PROBLEM DETAILS – With the pictures left out, retype exactly the lines below starting at the line that contains "Μετά τον αποκλεισμό" and ending at the line that contains "土司3片,中筋面粉100公克".

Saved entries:
:::::

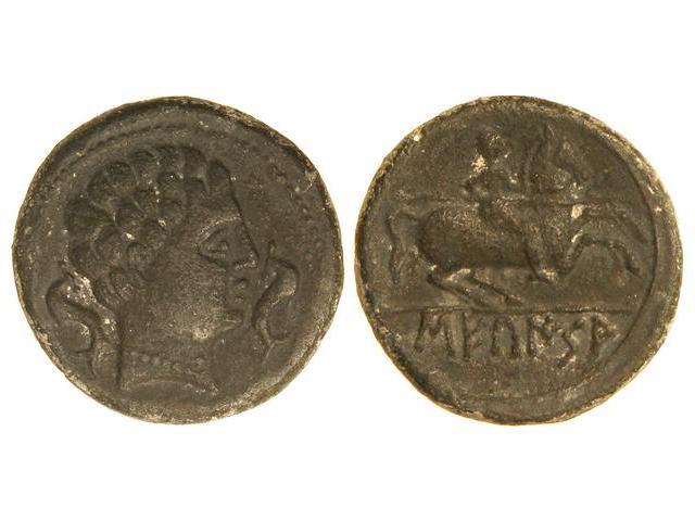 As. SECAISA. Anv.: Cabeza masculina a derecha, entre dos delfines. Rev.: Jinete a derecha. SECaISA. 8,60 grs. Pátina oscura. AB-2131. MBC+.
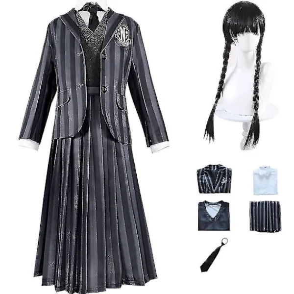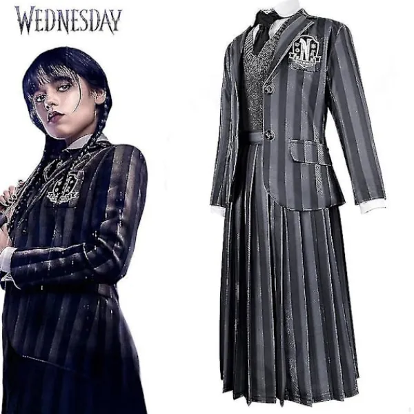 Vuxen Kvinna Addams Klänning Addams Cosplay Kostym Wednesday Addams Nevermore Academy Skoluniform Outfit
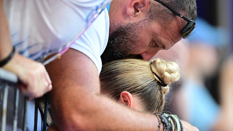 Μετά τον αποκλεισμό της από την τελική οκτάδα η Ελληνίδα ρίπτρια λύγισε και ξέσπασε στην αγκαλιά του προπονητή της, Γιώργου Μποτσκαριώβ, ο οποίος προσπαθούσε να την παρηγορήσει.
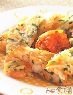 土司3片,中筋面粉100公克,虾仁70公克,韭菜50公克,高丽菜50公克,红萝卜丝20公克,水150㏄,沙拉油3大匙,盐1/2茶匙,韩式泡菜80公克
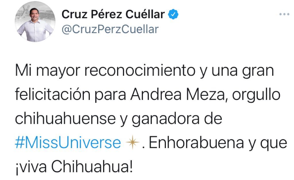 Leer másCiudad Juárez. - Cruz Pérez Cuéllar, candidato a la presidencia municipal, por Morena, en la Coalición Juntos Haremos Historia en Chihuahua, felicita con gran afecto a la chihuahuense Andrea Meza, Miss Universo 2021. “Es un motivo muy grande de orgullo, tan grande como lo es Andrea Meza, Miss Universo 2021; Chihuahuense, ingeniera, trabajadora incansable en la promoción de su estado, de nuestro estado; de Chihuahua” La felicitamos desde Ciudad Juárez, porque su ...

:::::

ANSWER SECTION –
 Μετά τον αποκλεισμό της από την τελική οκτάδα η Ελληνίδα ρίπτρια λύγισε και ξέσπασε στην αγκαλιά του προπονητή της, Γιώργου Μποτσκαριώβ, ο οποίος προσπαθούσε να την παρηγορήσει.
 土司3片,中筋面粉100公克,虾仁70公克,韭菜50公克,高丽菜50公克,红萝卜丝20公克,水150㏄,沙拉油3大匙,盐1/2茶匙,韩式泡菜80公克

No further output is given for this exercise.